# Tuners vs OD fail



## fysmd (Jan 4, 2002)

Ok so I know that the third tuner kicks in later but last night I was watching The Gadget Show on demand (loving being able to scroll the guide backward!) when TiVo ask permission to change channel. 
Only one red light lit so I assume that problem number one is that it didn't realise i wasn't using the other tuner. 
Problem number two is bigger though. Bloody thing switched me to the tuner in question and then changed channel!

Annoying!! Had to fast^H^H^H^H^Hslow forward back to where I was up to. 

So two requests: continue OD playback when irresolute like this and provide a faster fast fwd while playing OD


----------



## jonphil (Aug 7, 2002)

Already mentioned a while back.
OD does use one of the tuners  I think we all assumed that it would come via the network connection, but I suppose technically Tivo still needs to use the tuner to display the OD content.
Hopefully it won't be too long before the 3rd tuner gets added. We have learnt to look and see if we have time to watch something OD before both tuners kick in.


----------



## Digital Fanatic (Feb 16, 2011)

This issue is known, but 3rd tuner in March will fix this problem.


----------



## Buzby (Feb 21, 2011)

Digital Fanatic said:


> This issue is known, but 3rd tuner in March will fix this problem.


Do we know WHICH March this will be...?


----------



## deshepherd (Nov 30, 2000)

Thought the VOD was delivered via IP connection through the modem? In fact there's another thread which has a comment that after some problems where VOD worked when other features didn't (or was it the other way round) and this was taken to be imply that VOD was coming via IP.


----------



## doctor.steve (Jan 17, 2003)

I'm glad someone else posted this - the same thing occured to me the other day when watching OD for "outcasts" - the tivo had crashed the previous day when trying to record it originally - whilst watching another show I pressed forwards about 6 times to skip 3minutes and it all lit up and went into reset mode.

I couldn't figure out why a tuner would be needed for ondemand as it's streaming thru the 10MB connection.

- Oddly the BBC HD logo for that show slowly crept in from the upper left hand corner over the period of the show - I eventually could see the last bit of "bc" and just the bottom of it... nothing to do with tivo - an OD glitch I guess.


----------



## jonphil (Aug 7, 2002)

maybe someone from Virgin could explain, but I think the od maybe coming through the network, but Tivo needs the tuner to be able to output the video to the TV?


----------



## Brangdon (Feb 9, 2001)

jonphil said:


> maybe someone from Virgin could explain, but I think the od maybe coming through the network, but Tivo needs the tuner to be able to output the video to the TV?
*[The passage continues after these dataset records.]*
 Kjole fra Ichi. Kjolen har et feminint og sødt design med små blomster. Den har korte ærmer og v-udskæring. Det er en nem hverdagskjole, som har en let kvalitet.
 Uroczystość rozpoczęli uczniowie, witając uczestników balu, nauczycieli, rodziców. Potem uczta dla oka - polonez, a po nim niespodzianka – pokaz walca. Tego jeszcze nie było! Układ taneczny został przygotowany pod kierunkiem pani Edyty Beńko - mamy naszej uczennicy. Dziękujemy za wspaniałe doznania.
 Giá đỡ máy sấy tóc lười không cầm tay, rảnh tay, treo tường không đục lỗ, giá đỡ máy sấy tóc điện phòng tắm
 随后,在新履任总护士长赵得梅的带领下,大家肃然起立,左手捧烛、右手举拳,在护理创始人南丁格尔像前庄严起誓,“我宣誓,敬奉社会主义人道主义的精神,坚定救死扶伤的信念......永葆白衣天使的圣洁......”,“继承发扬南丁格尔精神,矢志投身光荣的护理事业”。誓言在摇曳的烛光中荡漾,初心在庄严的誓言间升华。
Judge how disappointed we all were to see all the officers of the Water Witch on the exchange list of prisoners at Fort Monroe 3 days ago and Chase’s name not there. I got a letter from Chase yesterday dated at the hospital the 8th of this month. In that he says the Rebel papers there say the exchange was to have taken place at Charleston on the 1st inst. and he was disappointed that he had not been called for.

It can output video to TV fine, if it's coming from the local hard disk, even though it is stored in the same format.

Any video coming over the wire needs a tuner. It doesn't seem to make a difference whether it is broadcast TV, or On Demand sent only to you. To be honest I don't see why it should; it's all video.

I seem to recall the YouTube also needs a tuner, which surprised me slightly more. I wonder if VM are re-encoding it differently to how it would be fed to a browser.


----------



## dmeldrum (Jan 3, 2002)

Brangdon said:


> It can output video to TV fine, if it's coming from the local hard disk, even though it is stored in the same format.
> 
> Any video coming over the wire needs a tuner. It doesn't seem to make a difference whether it is broadcast TV, or On Demand sent only to you. To be honest I don't see why it should; it's all video.
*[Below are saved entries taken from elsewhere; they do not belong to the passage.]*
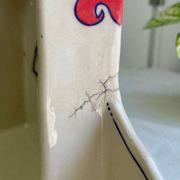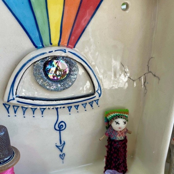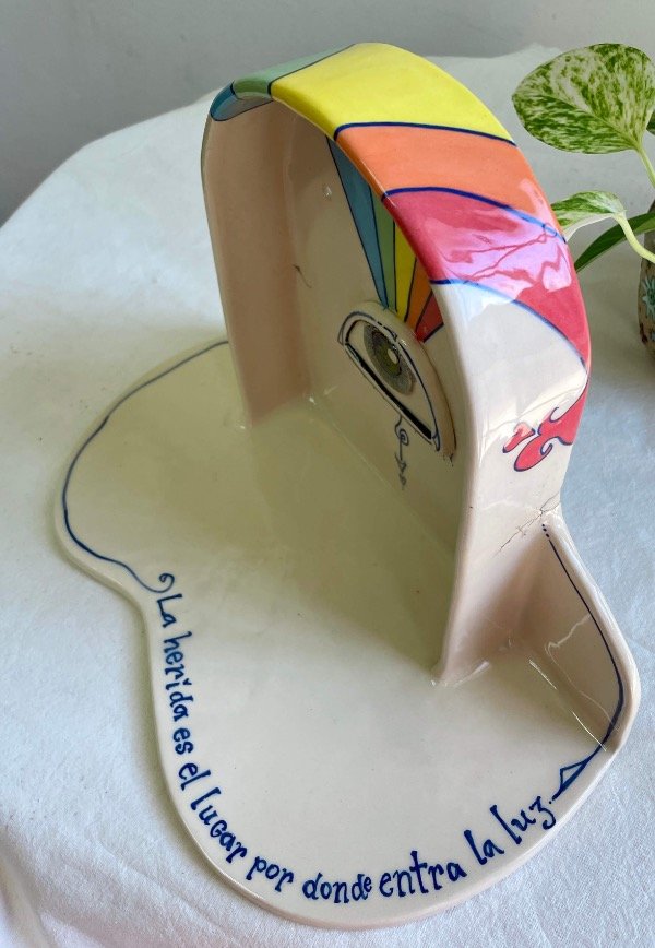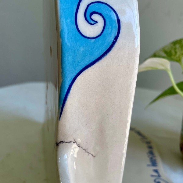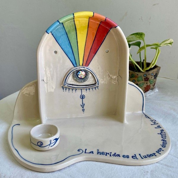 Altar cerámica pintado a mano con engobes, esmalte y lustre tornasolado.
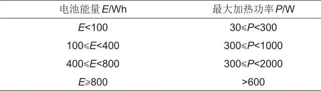 表2 GB/T 36276熱失控試驗(yàn)加熱功率選擇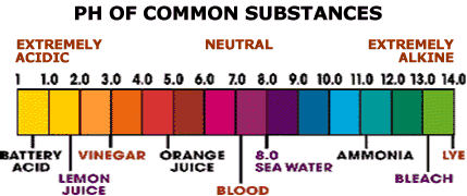 pH is a method to measure the acid/alkaline value of a given substance. The chart below shows a typical range of Ph values, with 7 being neutral.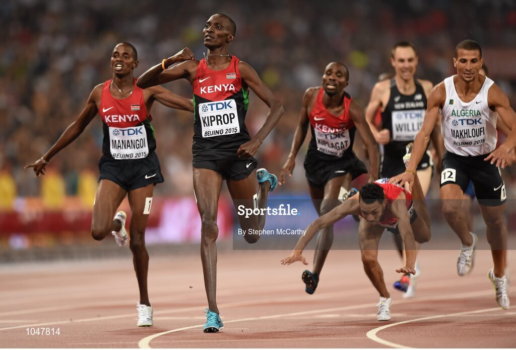 30 August 2015; Asbel Kiprop of Kenya crosses the finish line to win gold in the Men's 1500m final ahead of Elijah Motonei Manangoi of Kenya and Abdalaati Iguider of Morocco. IAAF World Athletics Championships Beijing 2015 - Day 9, National Stadium, Beijing, China. Picture credit: Stephen McCarthy / SPORTSFILE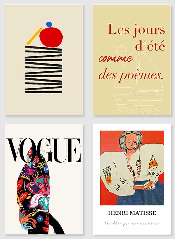 Acest produs conține 4 postere 21x30cm fără rame. Se vor potrivi cu orice fel de rame pe dimensiunea 21x30cm.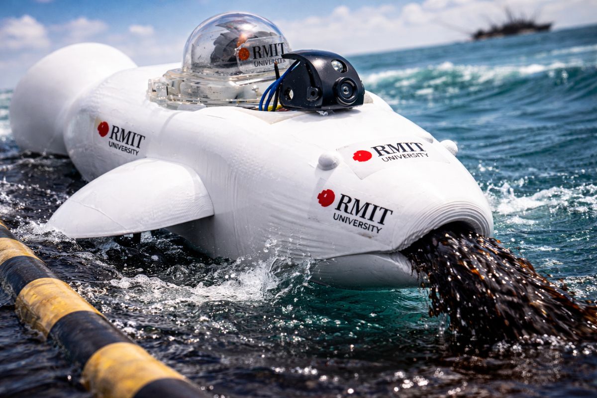 Australian engineers have created a robot dolphin that cleans oil from the ocean by absorbing oil and repelling water at the same time with over 95% purity, and they are now working on versions the size of a real dolphin to operate autonomously at sea.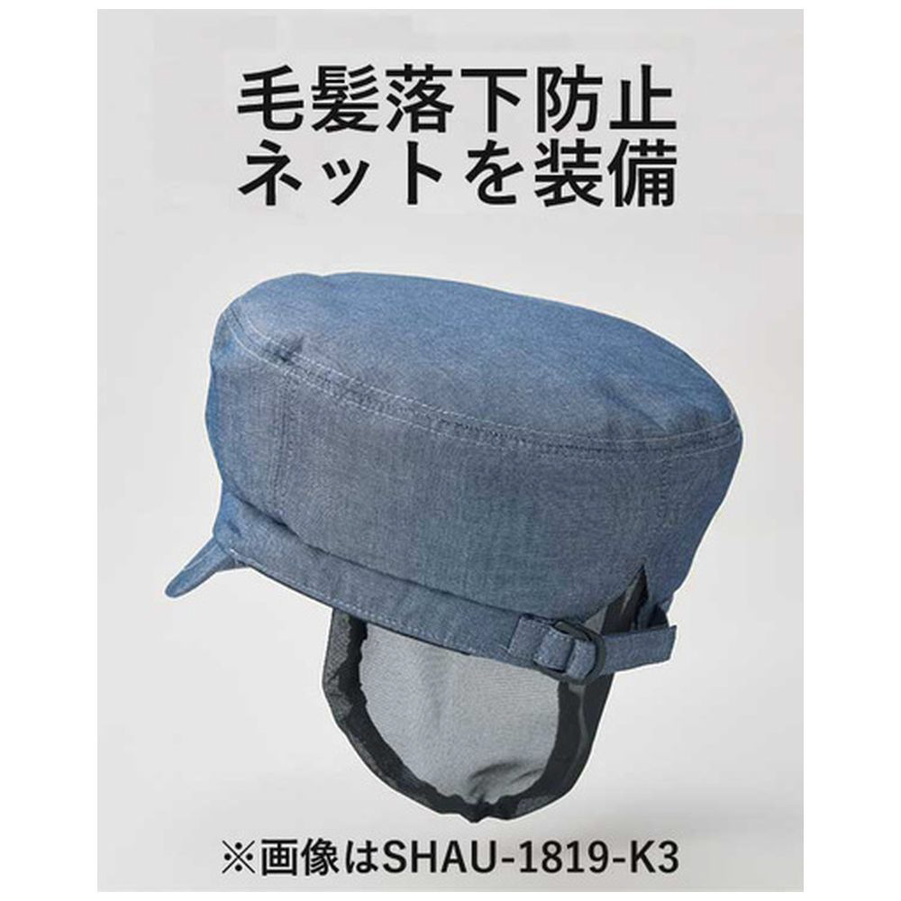 毛髪落下防止ネット付きワークキャップ。色あせしにくい丈夫な素材を使用。飲食店やホテルなど様々な業種で活躍します。

 Interestingly if you record two channels at once and then try on-demand it will fail before presenting any menus or content choices. I wonder if it is attempting to show the on-demand trailer channel that needs the third tuner?



> I seem to recall the YouTube also needs a tuner, which surprised me slightly more. I wonder if VM are re-encoding it differently to how it would be fed to a browser.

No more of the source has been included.